«…Сомнения кончились, и Левин уверовал, — во что? Он еще этого строго не определил, но он уже верует. Но вера ли это? — Надобно полагать, что еще нет. Мало того: вряд ли у таких, как Левин, и может быть окончательная вера. Левин любит называть себя народом, но это барич, московский барич средне-высшего круга, историком которого и был по преимуществу граф Л. Толстой. — Я хочу только сказать, что вот эти, как Левин, сколько бы ни прожили с народом или подле народа, но народом вполне не сделаются, мало того — во многих пунктах так и не поймут его никогда вовсе. Мало одного самомнения или акта воли, да еще столь причудливой, чтобы захотеть и стать народом. Пусть он помещик, и работящий помещик, и работы мужицкие знает, и сам косит, и телегу запрячь умеет… Все-таки в душе его, как он ни старайся, останется оттенок чего-то, что можно, я думаю, назвать праздношатайством, — тем самым праздношатайством, физическим и духовным, которое, как он ни крепись, а все же досталось ему по наследству, и которое уж, во всяком случае, видит во всяком барине народ. — А веру свою он разрушит опять, разрушит сам, долго не продержится: выйдет какой-нибудь новый сучок и разом все рухнет. — Одним словом, эта чистая душа есть самая праздно-хаотическая душа, иначе он не был бы современным русским интеллигентным барином, да еще средне-высшего дворянского круга».
Не знаменательно ли совпадение в отзыве о Левине и Льве Толстом двух столь своеобразных, чуждых друг другу и даже противоположных умов, как «западник» Тургенев и «славянофил» Достоевский? «Никогда никого не любил, кроме себя самого, — „эгоист до мозга костей“ — „московский барич средне-высшего круга“ — „праздно-хаотическая душа“ — „праздношатайство“». Неужели, однако, это последний приговор?
Кажется, Тургенев и Достоевский справедливы, но не до конца справедливы; в пылу слишком близкой и страстной борьбы не захотели или не сумели они высказать все, что, может быть, им самим уже смутно чуялось и в Левине, и во Льве Толстом, как искателях новой религии. Кажется, теперь для нас, более далеких и более спокойных, возможно и большее проникновение в эту все-таки единственно великую человеческую душу, потому что для нас возможно большее милосердие. А ведь только последнее милосердие есть в то же время и последняя справедливость.
Ежели есть в жизни, в действиях Л. Толстого то, что я называю «эпикурейством» или «охотничеством» дяди Ерошки, что Достоевский, пожалуй, с чрезмерной резкостью, называл «праздношатайством московского барича», то все-таки во внежизненном, творческом созерцании своем и в своей бессознательной стихии — он глубже эпикурейства. Все-таки первая основа души его так же, как у всех людей нашего времени — бездонно глубокая, трагическая.
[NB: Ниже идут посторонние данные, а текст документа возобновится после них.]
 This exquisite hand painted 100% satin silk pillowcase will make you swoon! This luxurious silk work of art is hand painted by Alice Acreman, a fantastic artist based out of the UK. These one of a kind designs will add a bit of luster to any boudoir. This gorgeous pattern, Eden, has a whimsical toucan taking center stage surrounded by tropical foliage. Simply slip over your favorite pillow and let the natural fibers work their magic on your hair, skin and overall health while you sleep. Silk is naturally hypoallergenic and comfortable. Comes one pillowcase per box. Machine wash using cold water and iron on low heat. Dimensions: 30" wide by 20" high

Стоит взглянуть на это лицо, до грубости сильное, лицо еще слепого подземного титана, чтобы почувствовать, что это не только «эпикуреец», не только «барич средне-высшего дворянского круга», и что уж во всяком случае это не обыкновенный, безмятежный и беззастенчивый эпикуреец, как, например, наши русские баре XVIII века, что это — недаром в образе нищего Лазаря от самого себя скрывающийся богач, огорченный, испуганный и застыдившийся эпикуреец. Сквозь лучезарнейшую радость жизни, хотя и не в живом, не в явном, не в дневном, а в темном, закрытом, еще слепом, подземном и тайном лице его я узнаю каинову печать нашего века, печать неисцелимой скорби и гордыни. И те, кого назвал Баратынский
могли бы иногда приветствовать в нем одного из своих —
Будущего он не достиг, но и к прошлому нет для него возврата. Он не доплыл до другого берега, не долетел до другого края бездны — он погибает, но его величие в гибели его.
Он никогда никого не любил, даже и себя не дерзнул любить последнею бесстрастною и бесстрашною любовью. Но кто с большею мукою жаждал любви, чем он? Он никогда ни во что не верил. Но кто с большею неутомимостью жаждал веры, чем он? Это не все, но разве этого мало?
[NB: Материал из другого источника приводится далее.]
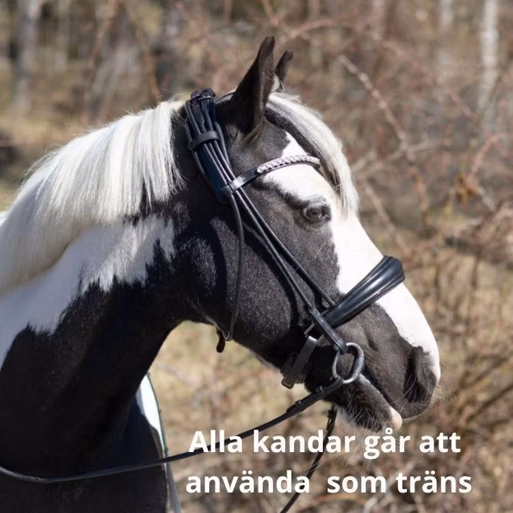 Ett kandar med rundsydda lädret ger ett mjukare och följsamt intryck jämfört med traditionellt platt läder - något som många dressyrryttare uppskattar. För den som inte vill ha ett svart rundsytt kandarträns har vi ett allternativ med brunt rundsytt kandar men samma nosgrimma men utan lackdetaljkant.

«Пускай, — говорит он в „Исповеди“, — пускай я, выпавший птенец, лежу на спине, пищу в высокой траве, но я пищу оттого, что знаю, что меня в себе выносила мать, высиживала, грела, кормила, любила. Где она, эта мать? Если забросили меня, то кто же забросил? Не могу я скрыть от себя, что, любя, родил меня кто-то. Кто же этот кто-то?»